Le 4 juin 2011, la Russie et la Communauté économique eurasiatique examineront le cas de la Biélorussie. La monnaie nationale plonge, les finances publiques sont exsangues et l'économie bureaucratique est bloquée. Bref, cet Etat post-soviétique est menacé d'effondrement et la tyrannie d'Alexandre Loukachenko vacille sur ses bases. Le proche avenir de la Biélorussie dépend des prêts
russes et il lui sera difficile de maintenir un semblant d'autonomie politique vis-à-vis de Moscou.


Située entre la Russie et l'ensemble euro-atlantique, la Biélorussie (207 600 km² ; 9 500 000 hab.) est un Etat slave d'Europe orientale (1). Issu de la dislocation de l'URSS, cet Etat appartient à la CEI (Communauté des Etats Indépendants) dont il abrite le siège. Bien que le mouvement national indépendantiste y soit historiquement faible, la Biélorussie est l'une des trois républiques à l'origine de la CEI dont la création a précipité la fin de l'URSS. Depuis 1994, le président Alexandre Loukachenko se maintient au pouvoir par des méthodes autoritaires et la "dernière dictature d'Europe" est sous le coup de diverses sanctions mises en place par l'Union européenne (UE) et les Etats-Unis, sanctions renforcées suite à la manière dont s'est déroulée la dernière élection présidentielle (décembre 2010). Face à la crise dans laquelle la Biélorussie est plongée, les marges de manoeuvre sont limitées et le Kremlin devrait exploiter au mieux la situation.

Les difficiles relations Moscou-Minsk


La Biélorussie a une histoire proche mais distincte de la Russie du fait de l'appartenance passée de ces terres à l'Etat polono-lituanien (2).
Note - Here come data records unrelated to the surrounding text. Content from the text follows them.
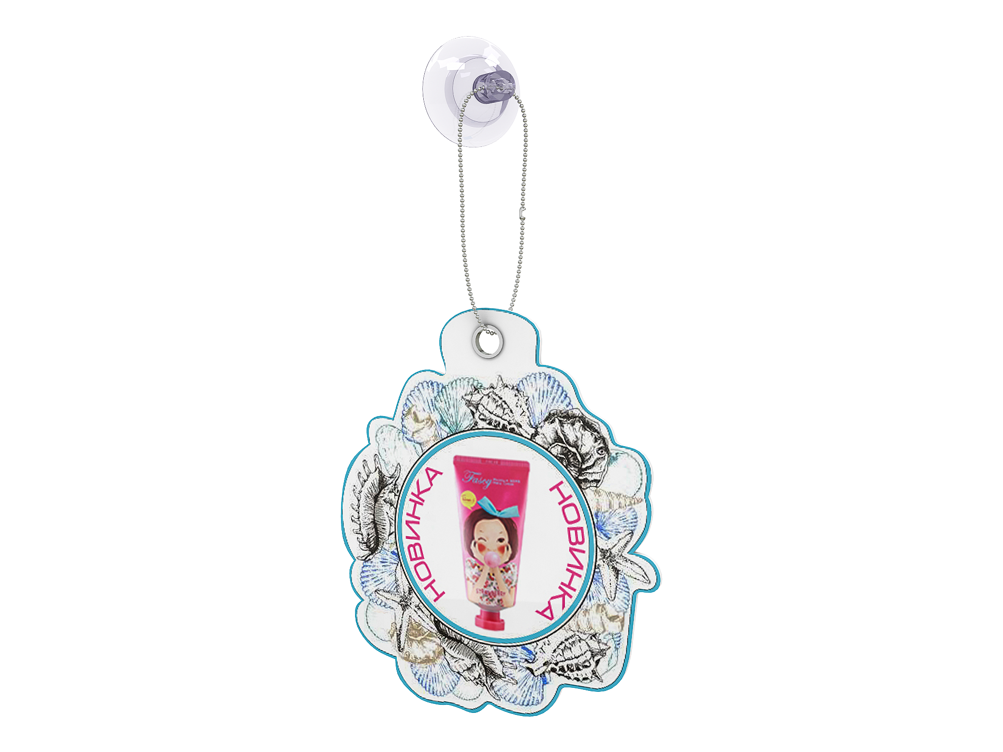 Силиконовая присоска с тремя отверстиями для крепления рекламных материалов. Оснащена двойным контуром крепления.
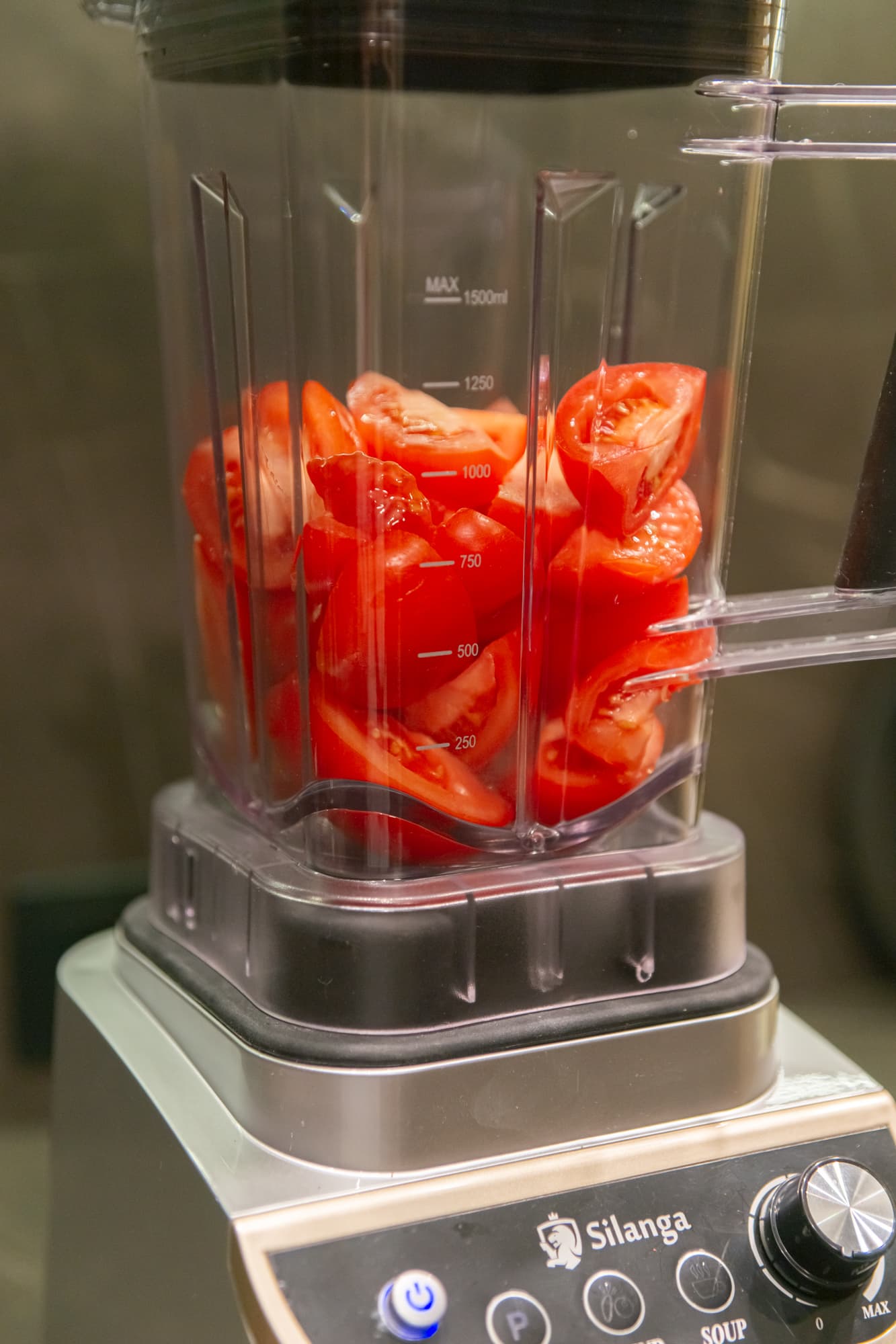 Томаты сорта Сливка в количестве 0,5 кг разрезали на четвертинки и сложили в чашу. Из любопытства врубили сразу 5-ю скорость. На ней блендеру на измельчение томатов потребовалось 35 секунд. Позже мы повторяли этот тест на 3-й скорости и зафиксировали цифру в 40 секунд.
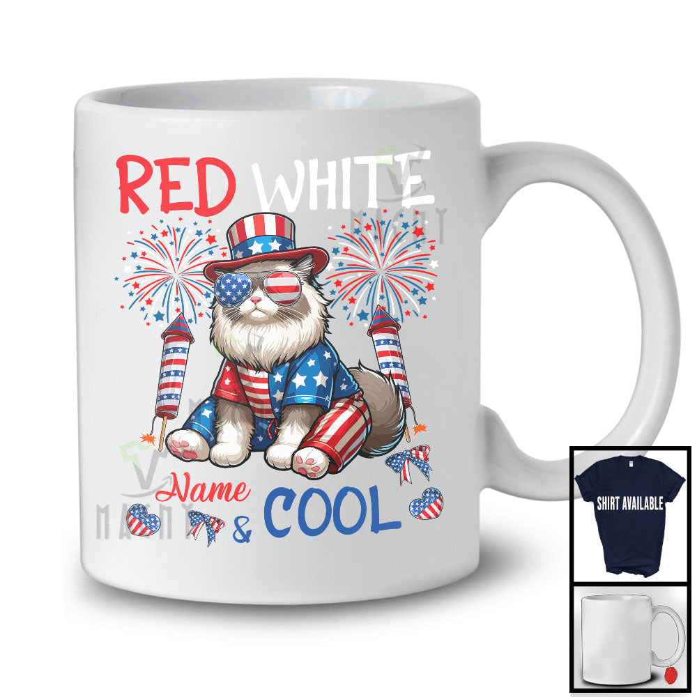 Personalized Red White And Cool, Amazing 4th Of July Cat Custom Name, Fireworks Patriotic T-Shirt. This cotton t-shirt is a durable staple product with a classic fit. One of the most popular items, it has a relaxed style made for everyday and casual wear.

Elle s'étend dans le couloir de plaines qui s'étire depuis la mer du Nord jusqu'aux immensités sibériennes et son territoire est en situation de carrefour
géographique. S'y entrecroisent les liaisons routières et ferroviaires entre Berlin et Moscou, les axes de circulation vers l'enclave russe de Kaliningrad (ex-Königsberg) et ceux qui parcourent l'isthme Baltique-mer Noire. La Biélorussie est comparable à un corridor de circulation et elle assure le
transit d'une large part des exportations pétrolières et gazières russes vers l'Europe, via l'oléoduc Droujba et le gazoduc Iamal 1 (l'essentiel transite par l'Ukraine). Russie et Biélorussie sont donc interdépendantes aux plans logistique et énergétique mais le Nord Stream, un gazoduc germanorusse
en cours de construction sous la Baltique, devrait permettre de contourner par le nord le territoire biélorusse (il pourrait avoir pour pendant le South Stream, sous la mer Noire, un projet russe qui concurrence le Nabucco).
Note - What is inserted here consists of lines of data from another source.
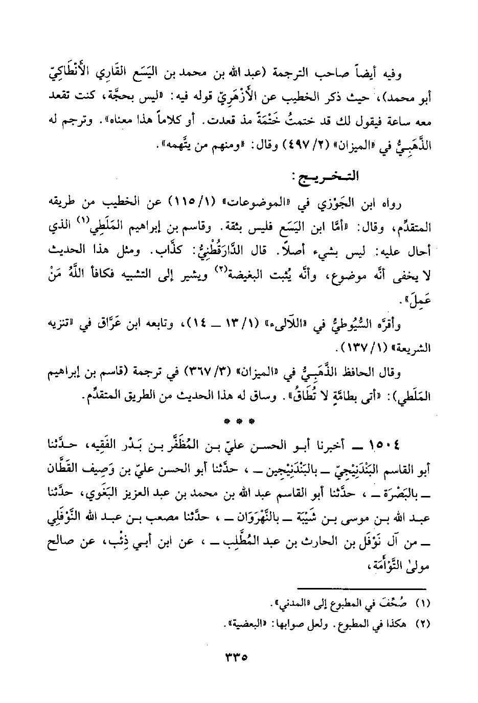 ١٥٠٤ - أخبرنا أبو الحسن عليّ بن المُظَفَّر بن بَدْر الفَقِيه، حدَّثنا أبو القاسم البَنْدَنِيْجِيّ -بالبَنْدَنِيْجِين-، حدَّثنا أبو الحسن عليّ بن وَصِيف القَطَّان -بالبَصْرَة-، حدَّثنا أبو القاسم عبد اللَّه بن محمد بن عبد العزيز البَغَوي، حدَّثنا عبد اللَّه بن موسى بن شَيْبَة -بالنَّهْرَوَان-، حدَّثنا مصعب بن عبد اللَّه النَّوْفَلِي -من آل نَوْفَل بن الحارث بن عبد المُطَّلِب-، عن ابن أبي ذِئْب، عن صالح مولى التَّوْأَمَة،
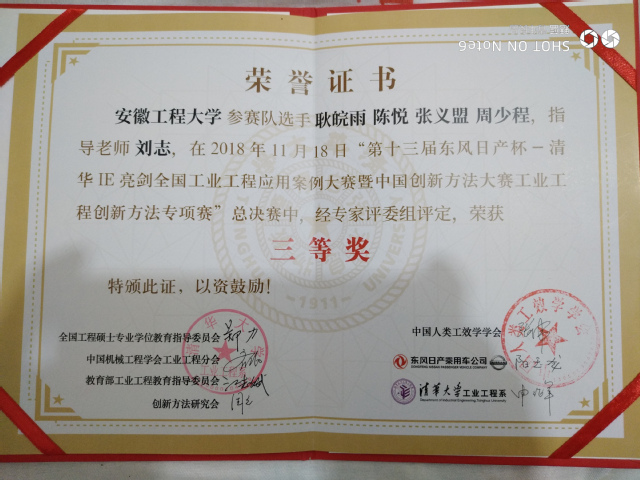 11月17至18日,第十三届“东风日产杯”清华IE亮剑全国工业工程应用案例大赛暨中国创新方法大赛工业工程创新方法专项赛在清华大学召开。在本次比赛中,我校选派由丁一老师和刘志老师指导的工业工程系代表队(三队共12人)荣获三等奖。这是我校工业工程系首次在此项比赛中获奖。
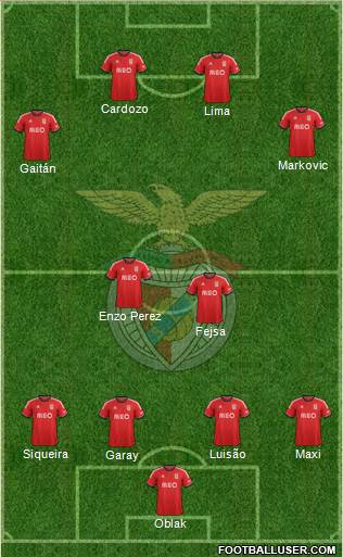 SL Benfica: Jan Oblak, Maxi Pereira, Luisão, Ezequiel Garay, Guilherme Siqueira, Ljubomir Fejsa, Enzo Pérez (Filip Đuričić [90+1m]), Lazar Marković (Eduardo Salvio [63m]), Nico Gaitán, Rodrigo (Ruben Amorim [80m]), Lima

Au milieu des années 1990, la Russie et la Biélorussie se sont fortement rapprochées. En 1995, elles ont constitué une Union douanière prolongée par une Communauté Russie-Biélorussie l'année suivante, puis un traité d'Union (1997). Cela dit, les institutions prévues - un parlement unifié, une monnaie unique et un président commun - n'ont pas vu le jour, même s'il existe une Conseil suprême de l'Union russo-biélorusse. Sur le plan militaire, les deux pays sont liés via l'OTSC (Organisation du traité de sécurité collective) mais leurs systèmes de défense ne sont que partiellement intégrés. La Biélorussie abrite deux bases de radars russes et Loukachenko a un temps proposé le déploiement de missiles Iskander, voire de S-300, sur le territoire du pays, en réponse à la Missile Defense américaine (projets de déploiement en Pologne
et Tchéquie). Il a cependant refusé l'intégration des défenses aériennes russes et biélorusses ainsi que le placement d'unités biélorusses sous le commandement de l'OTSC.
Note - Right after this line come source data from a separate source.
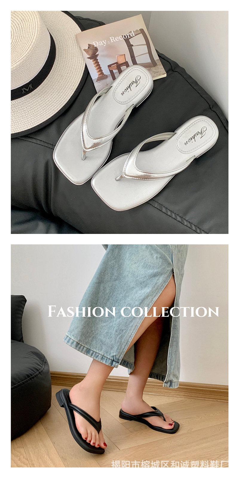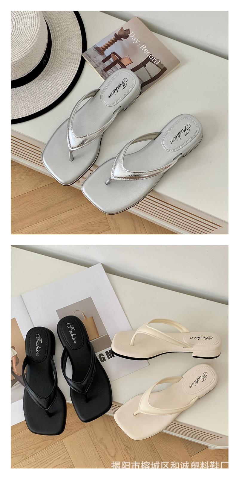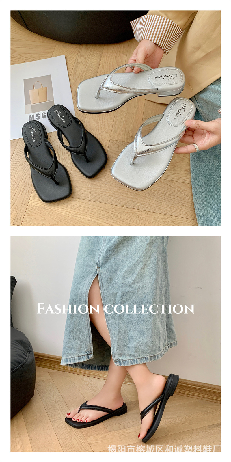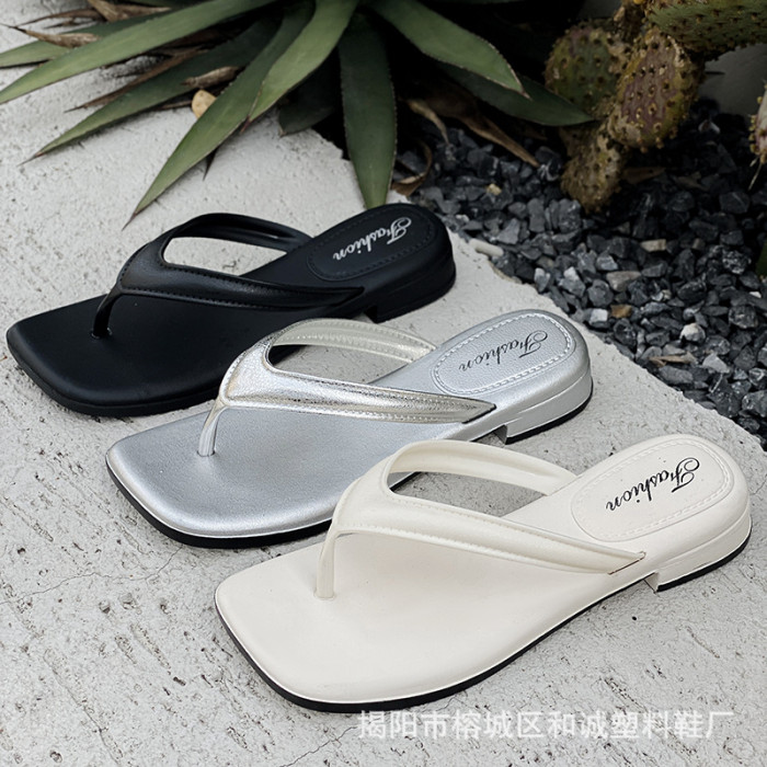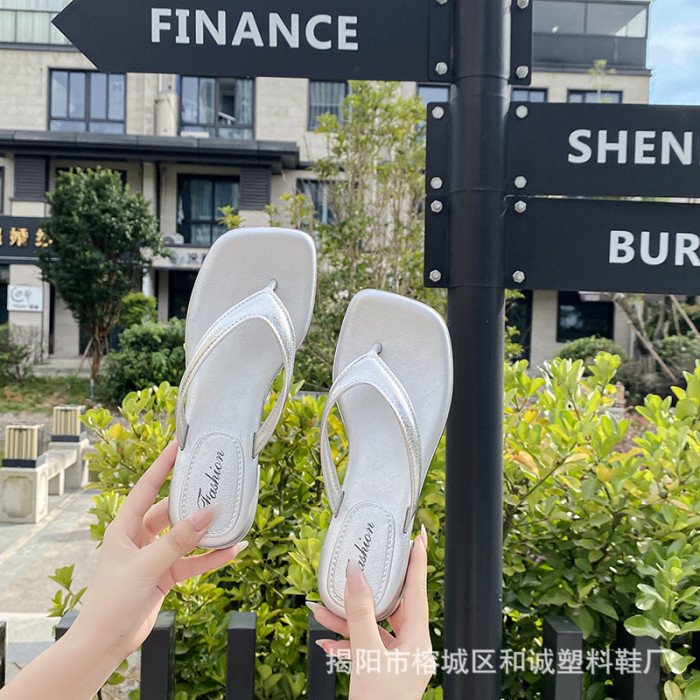 銀色女款拖鞋人字拖女松糕坡跟潮時尚復古夏季仙女風氣質涼拖鞋女
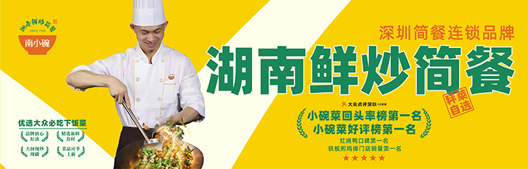 簡潔有力的品牌描述:南小碗,源于1998,來自湖南的鮮炒簡餐。永遠以店小二的謙卑之心,堅持優選品牌好油好米,只用當日新鮮食材,保證菜品現做鮮炒,真心奉上一碗熱菜,一碗熱湯,一碗熱飯。
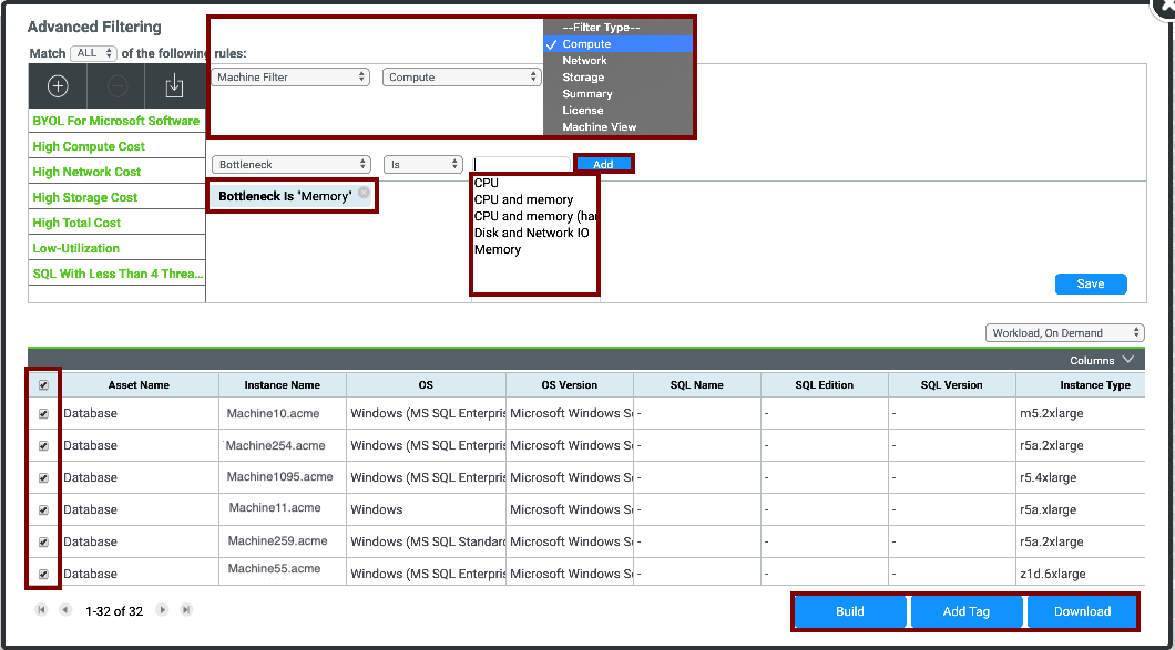 In the example below, we will create a Machine Filter. Click Add, and a new line will appear allowing you to filter by any field found within the selected category. In this example, we are creating a Compute Filter with a role looking for machines where the Bottleneck is Memory. After ‘clicking’ Add, the chart at the bottom will update to show only the machines, where the Bottleneck is memory.

Les intérêts croisés et la similitude des pratiques politiques entre régimes autoritaires patrimoniaux n'empêchent pas les crises et les conflits, notamment sur le pétrole et le gaz. Dans les années qui ont suivi la dislocation de l'URSS, la Biélorussie a pu acheter du gaz russe à très faible prix mais cet accord a été remis en cause en 2007, Minsk devant accepter un doublement du tarif et céder la moitié du réseau de distribution de Beltransgaz à Gazprom (3). Le conflit a ensuite porté sur le raffinage du pétrole russe en Biélorussie, celle-ci réexportant les volumes importés avec une forte plus-value (Moscou a voulu imposer une forte taxe sur le pétrole à destination de la Biélorussie).

Avec la guerre russo-géorgienne, ce conflit a pris une nouvelle dimension. Redoutant une réintégration de la Biélorussie dans la sphère russe, Loukachenko n'a pas reconnu l'indépendance de l'Abkhazie et l'Ossétie du Sud (26 août 2008), promue par Moscou sans succès au sein de la CEI et de l'OCS (Organisation de Coopération de Shanghaï). Au vrai, il s'agit plutôt d'une annexion de facto de la part de la Russie.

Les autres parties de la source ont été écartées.